05.09.2011 15:00
    Поделиться

    Януш Вишневский: Не понимаю, почему у "Одиночества в сети" такой успех

    Ровно десять лет назад на свет появилась книга,  в которой соединилось несоединимое - "железо", то есть компьютер, и эмоции. "Одиночество в Сети" сделала его автора, скромного химика, специализирующегося на молекулярной биологии, Януша Леона Вишневского чрезвычайно популярным. С тех пор он говорит, что "функционирует в двух мирах - науки и литературы".

    Российская газета: Януш, давайте вспомним, как все началось. Однажды ноябрьским днем 1997 года…

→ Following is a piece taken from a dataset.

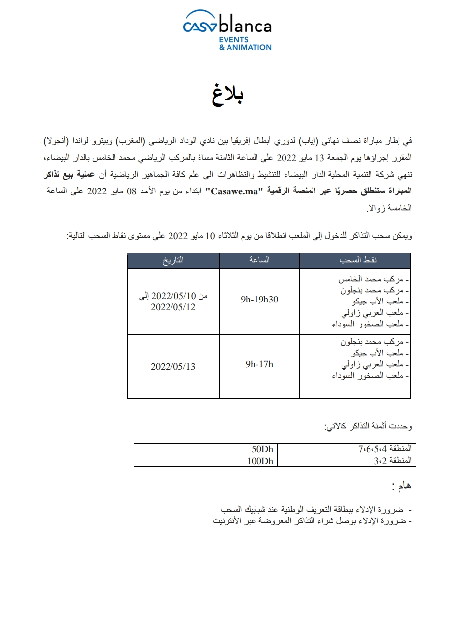 أعلنت شركة “كازا إيفنت” عن انطلاق عملية بيع تذاكر مباراة الوداد الرياضي وبيترو أتلتيكو الأنغولي، المقررة مساء الجمعة المقبلة على الساعة 20.

    Вишневский: Да, это было воскресенье. И после семейного обеда - он ничем не отличался от других, - и тем не менее была во мне такая грусть,  что я сел за компьютер и набрал первые строчки. Моя дочка пришла посмотреть, чем там занят папа. Я сказал: "Пишу книгу". Дочка побежала к маме: "Папа опять сошел с ума!". А как-то вечером, спустя два года, я выпил для храбрости вина и послал отрывок в издательство. И забыл. Но потом  отрывок опубликовали в журнале "Плейбой" - это был эротический текст. Дальше мой друг-издатель убедил меня, что нужно опубликовать всю книгу.  Хотя мне казалось, что это никому не будет интересно. В конце концов, я ему поверил. Когда я получил к подписанию издательский договор, я его даже не прочел - лишь окропил вином и вставил в раму. А 5 сентября 2001 года она появилась в Польше. Так все и началось…  

    РГ: Знаменитый польский режиссер Кшиштоф Занусси рассказывал, как, обсуждая вопрос, что такое чудо - законы природы или закон правдоподобности? или мистика? - вы сравнили чудо с книгой: "Можно все объяснить: это бумага, это краска. Но это никоим образом не объясняет, почему одна книга поражает нас, а другая - нет".

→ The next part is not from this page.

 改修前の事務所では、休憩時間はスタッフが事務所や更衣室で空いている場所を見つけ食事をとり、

    Вишневский: О, Кшиштоф Занусси - человек, который для меня значит очень много. Знаете, в последний раз мы с ним встретились на улице, на одном фестивале культуры, и он ко мне подошел и спросил, может ли он со мной сфотографироваться. Представляете? Я был так удивлен: "Ну что вы, Кшиштоф, это я должен с вами фотографироваться!". А он мне ответил: "Я сейчас поеду в Россию и буду показывать эту фотографию. Я хочу, чтобы там знали, что я знаком с Янушем Вишневским". Мне было невероятно приятно!

    РГ:  Можно себе представить! И все же возвращаясь к предыдущему вопросу - в раннее Средневековье художник был уверен, что ему дар дан свыше и потому даже не подписывал свои работы - мол, он всего лишь "посредник".

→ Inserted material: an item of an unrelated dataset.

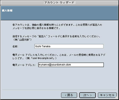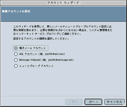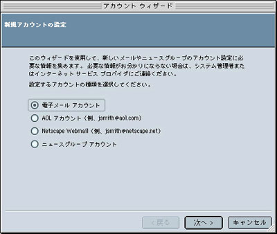 「電子メールアカウント」を選択し、「次へ」をクリックします。 個人情報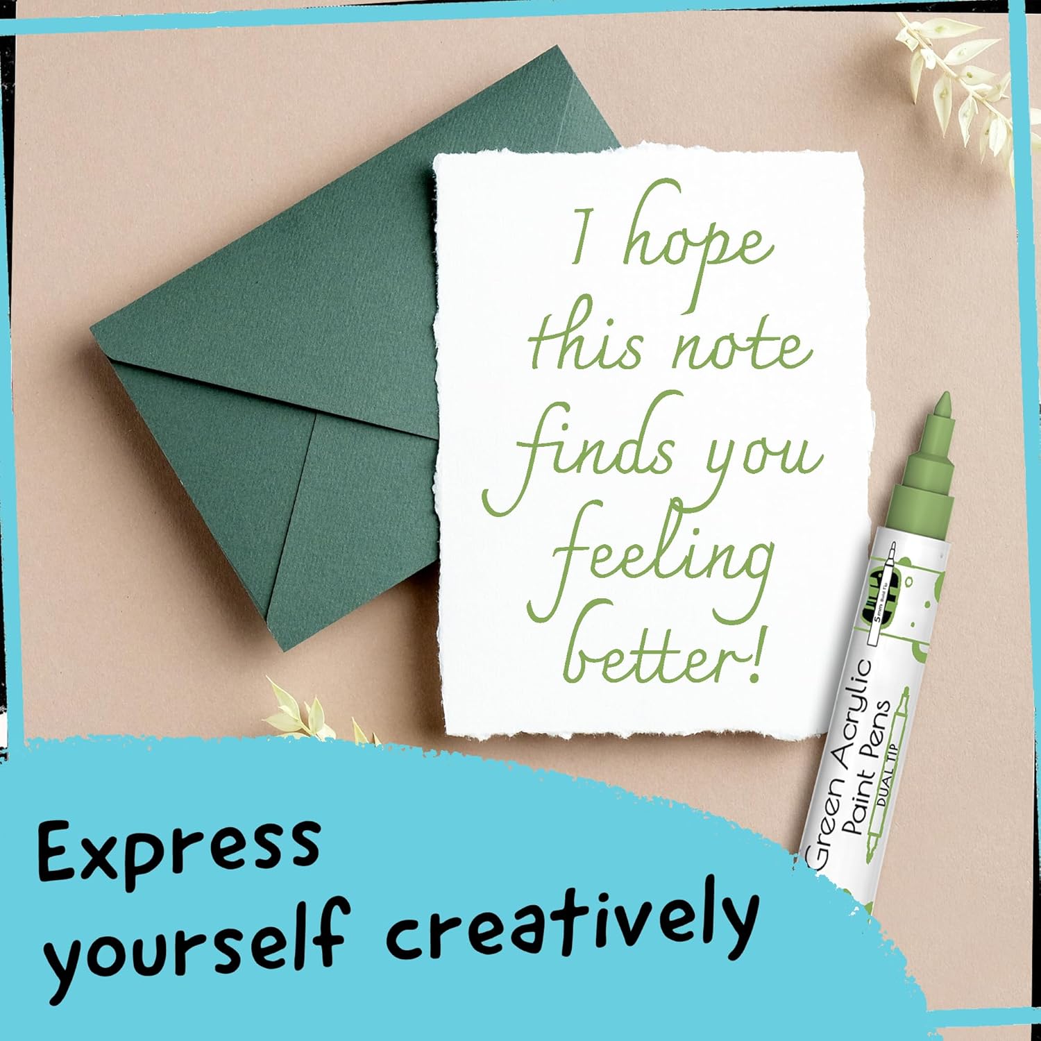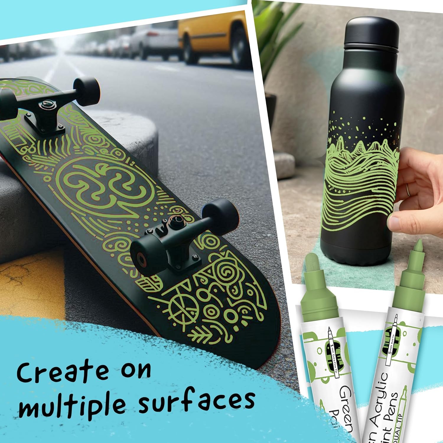 4 Dual Tip Green Paint Pen Metallic - Fine Tip & Medium Acrylic Paint Markers - Green Marker for Metal, Wood, Rock Painting, Canvas, Ceramic, Glass, Fabric, Leaf and Plastic - Water-based Ink

    Вишневский:  Это было неправильное отношение, хотя и очень удобное. Так называемый художник оставался анонимным и мог винить абстрактное "высшее" за все. Но я хочу заметить, что я не художник, что бы это ни означало. Я не так самонадеян. Я просто химик, который пишет книги в "свободное от работы время". Вот и все.

    РГ:  Может быть вы и "просто химик", Януш, но химик, который написал бестселлер…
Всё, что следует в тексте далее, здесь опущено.